(The input)
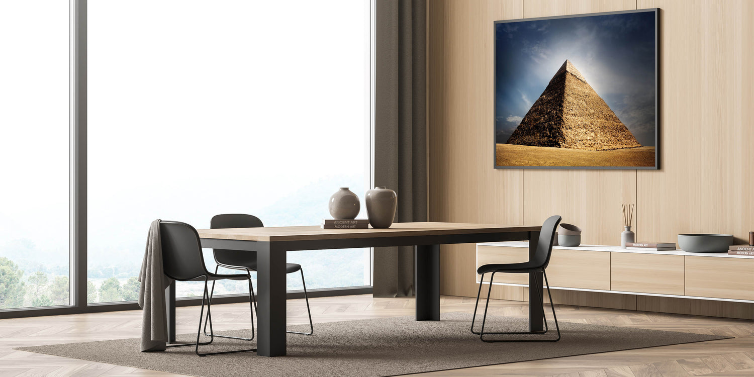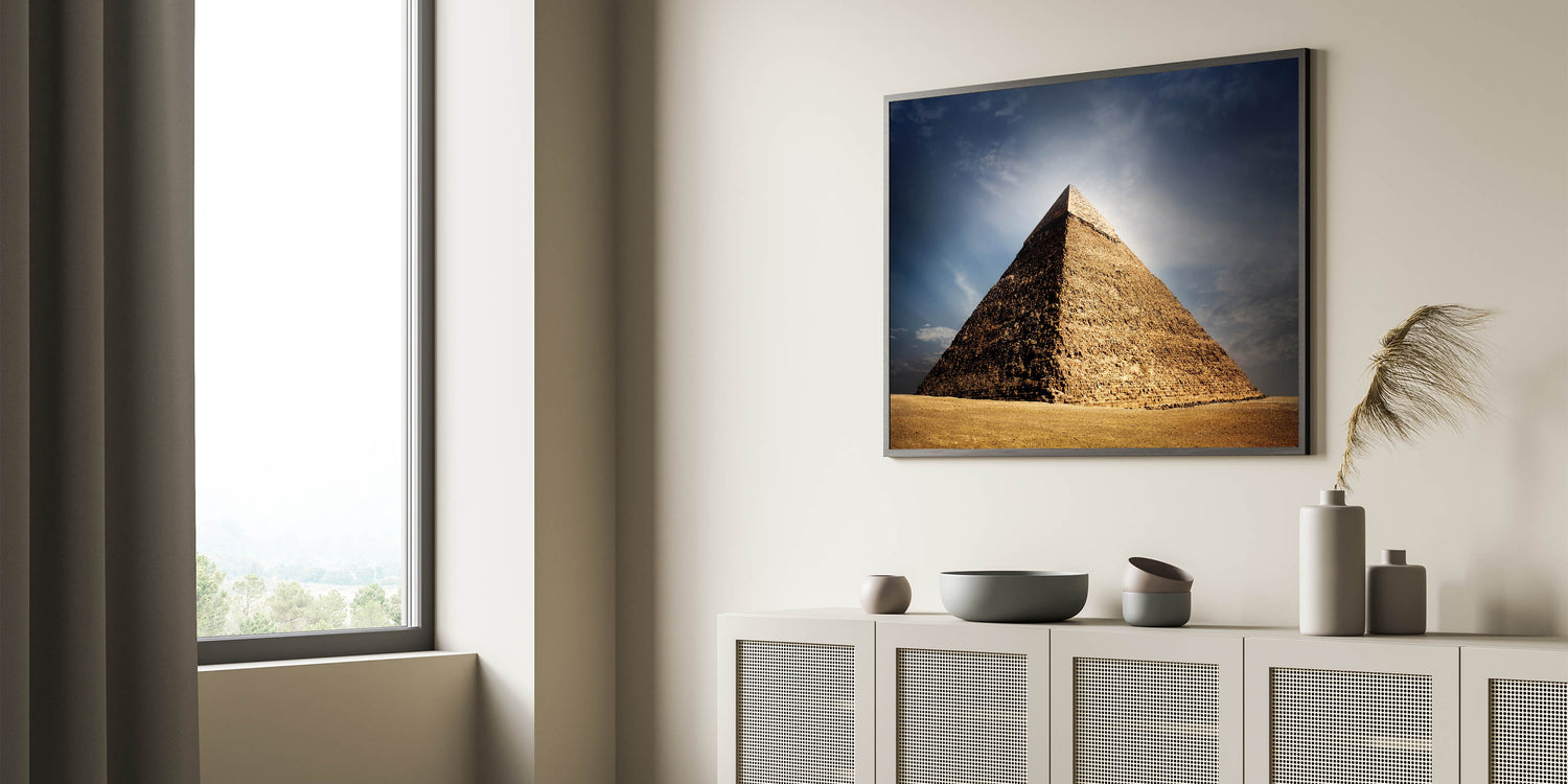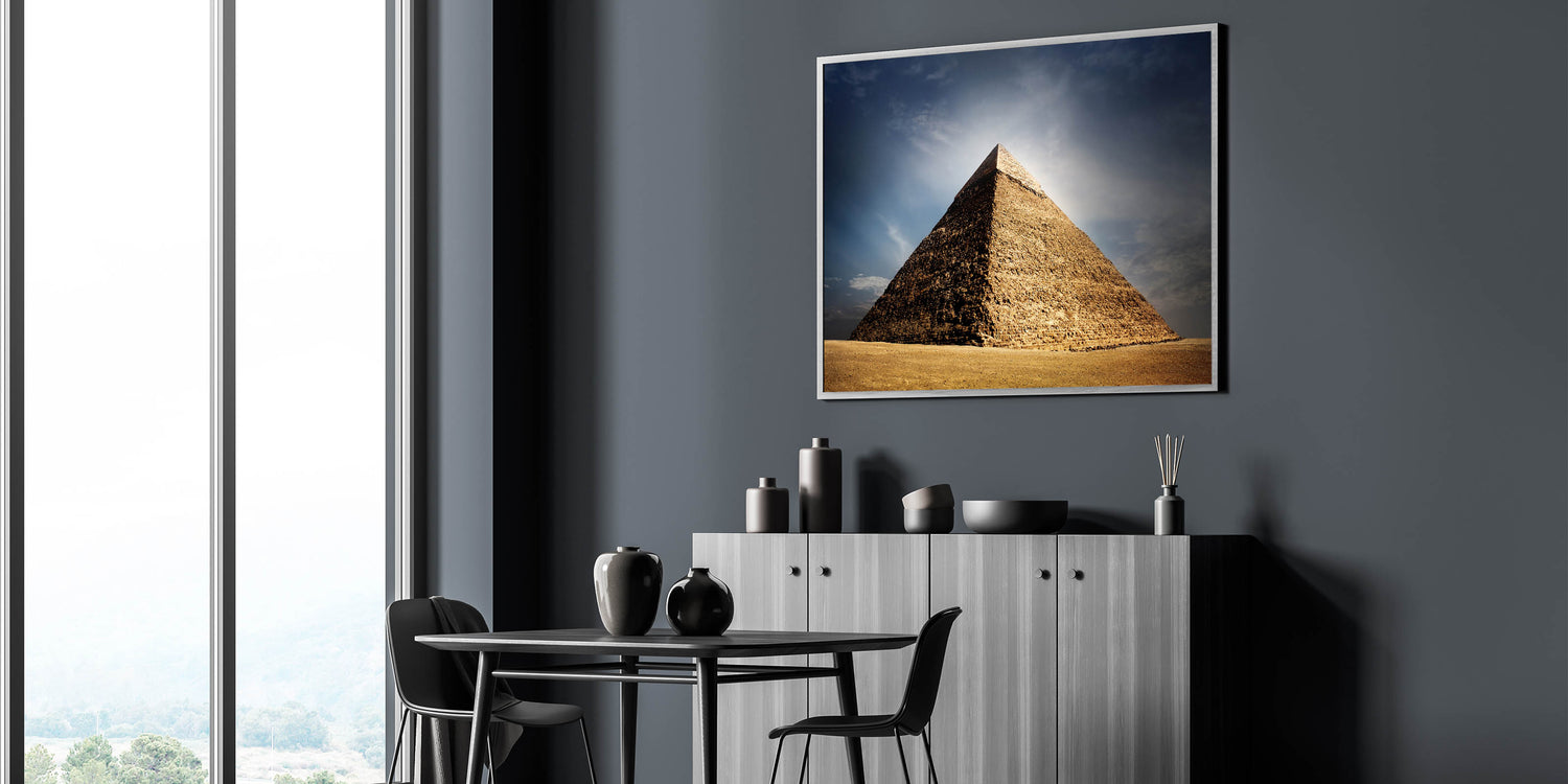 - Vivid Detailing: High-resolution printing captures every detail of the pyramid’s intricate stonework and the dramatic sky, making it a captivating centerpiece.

--

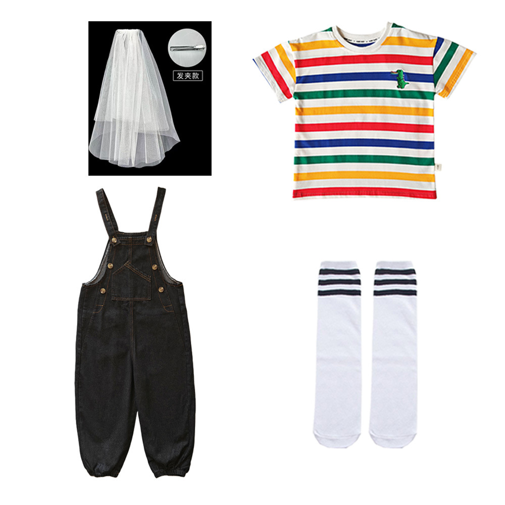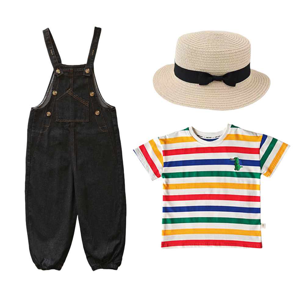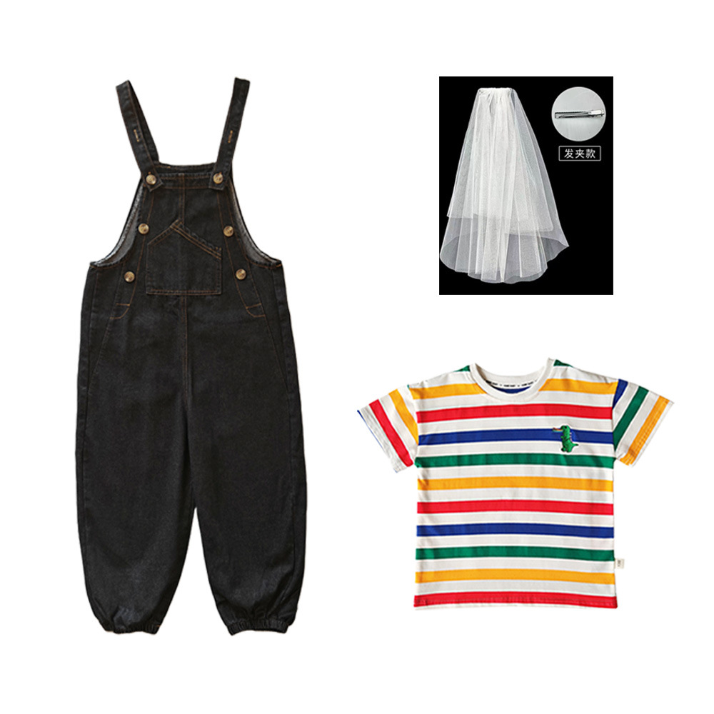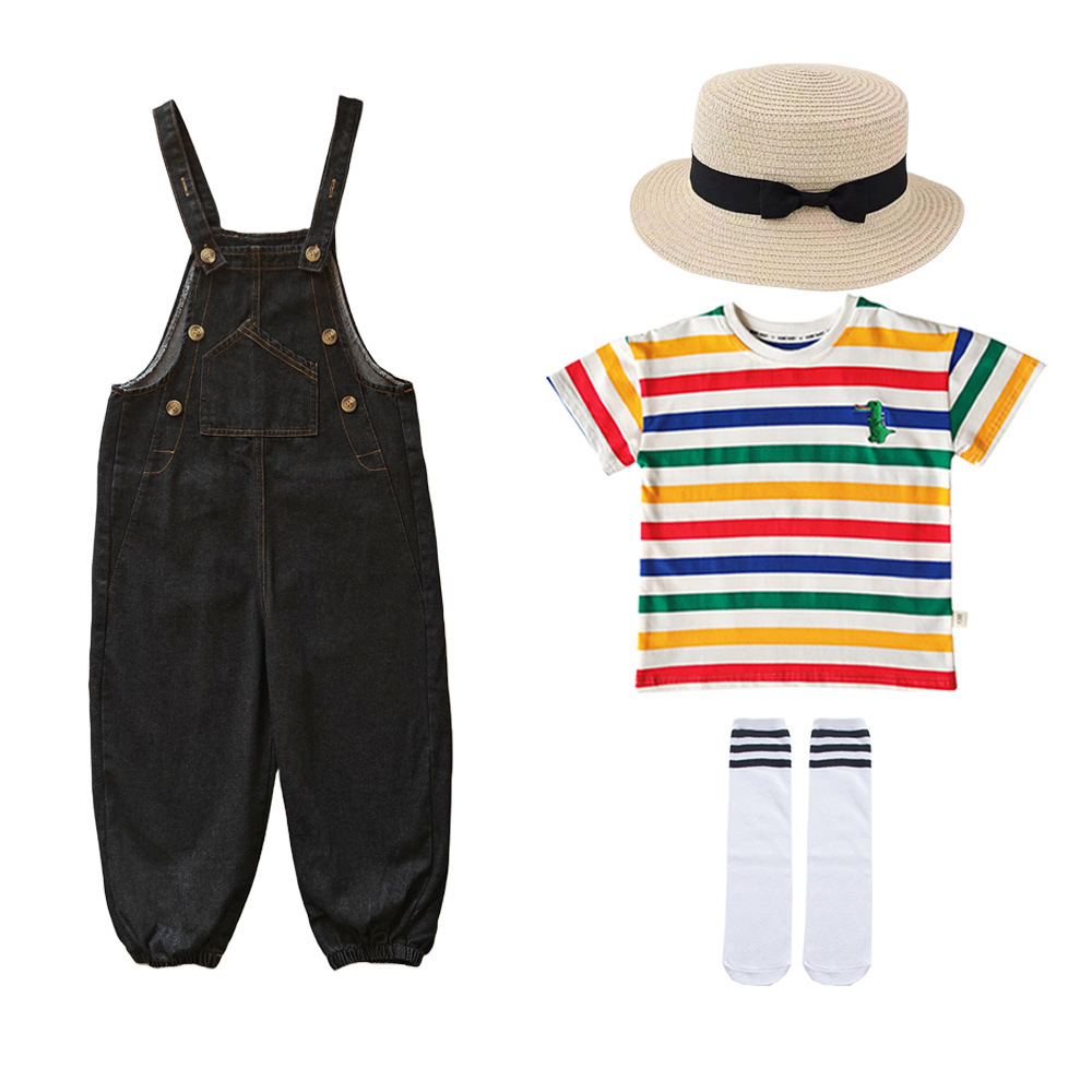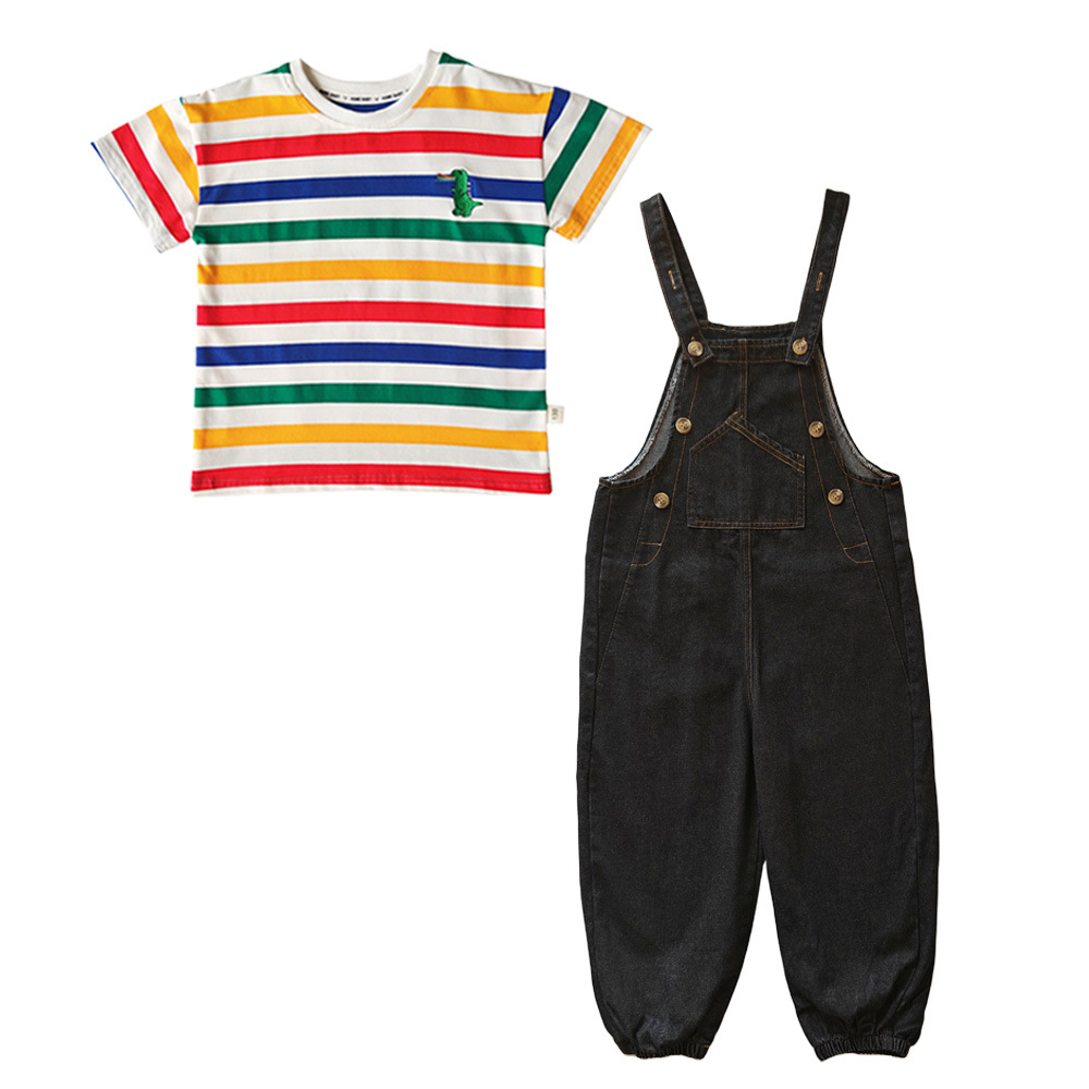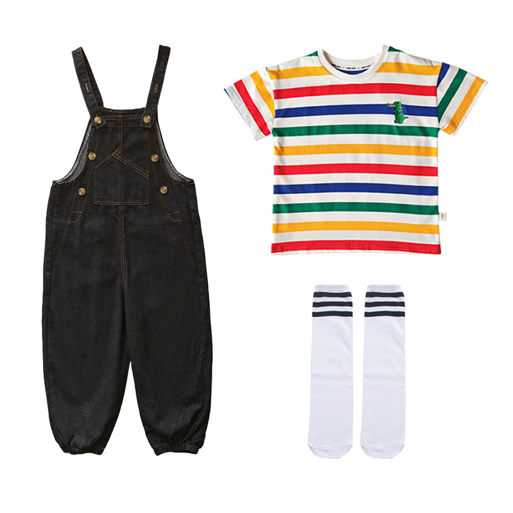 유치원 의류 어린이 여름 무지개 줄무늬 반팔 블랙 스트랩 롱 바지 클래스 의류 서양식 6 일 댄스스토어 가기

...

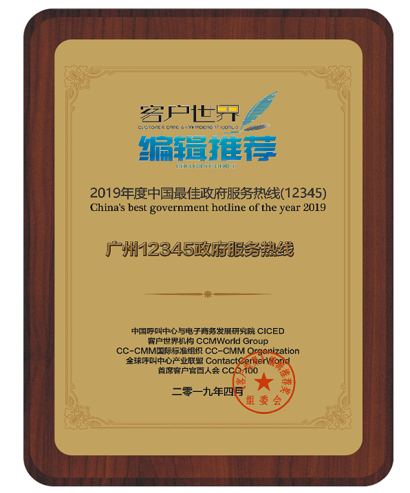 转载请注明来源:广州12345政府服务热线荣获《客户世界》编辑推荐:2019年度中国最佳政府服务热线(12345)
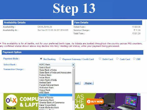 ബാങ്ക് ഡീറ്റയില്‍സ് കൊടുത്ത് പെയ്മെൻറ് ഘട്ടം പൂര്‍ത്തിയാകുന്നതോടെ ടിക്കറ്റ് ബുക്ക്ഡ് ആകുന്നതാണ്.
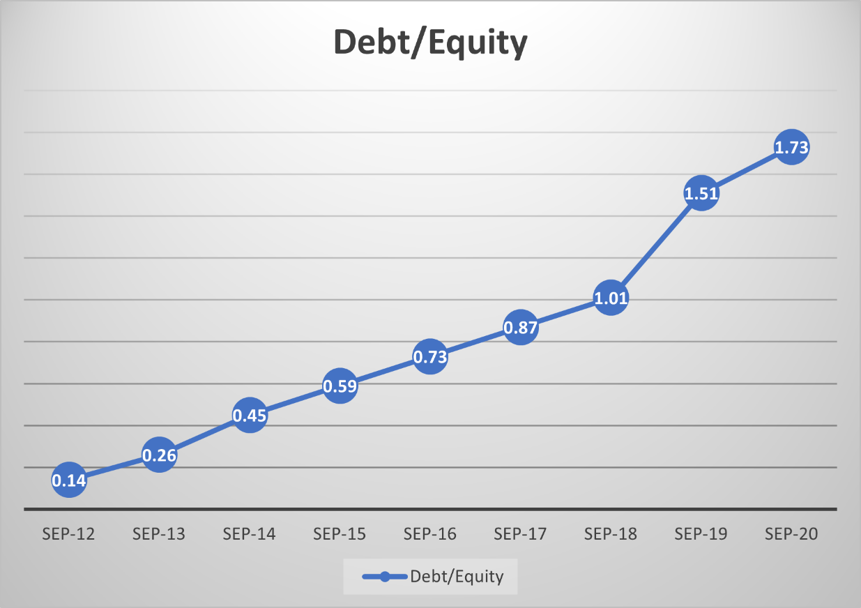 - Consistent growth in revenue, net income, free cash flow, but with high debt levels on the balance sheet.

(Exercise) Leaving all pictures out, output exactly the lines of the material above from the line with "ബാങ്ക് ഡീറ്റയില്‍സ് കൊടുത്ത്" to the line with "- Consistent growth", both included.

(Response)
 ബാങ്ക് ഡീറ്റയില്‍സ് കൊടുത്ത് പെയ്മെൻറ് ഘട്ടം പൂര്‍ത്തിയാകുന്നതോടെ ടിക്കറ്റ് ബുക്ക്ഡ് ആകുന്നതാണ്.
 - Consistent growth in revenue, net income, free cash flow, but with high debt levels on the balance sheet.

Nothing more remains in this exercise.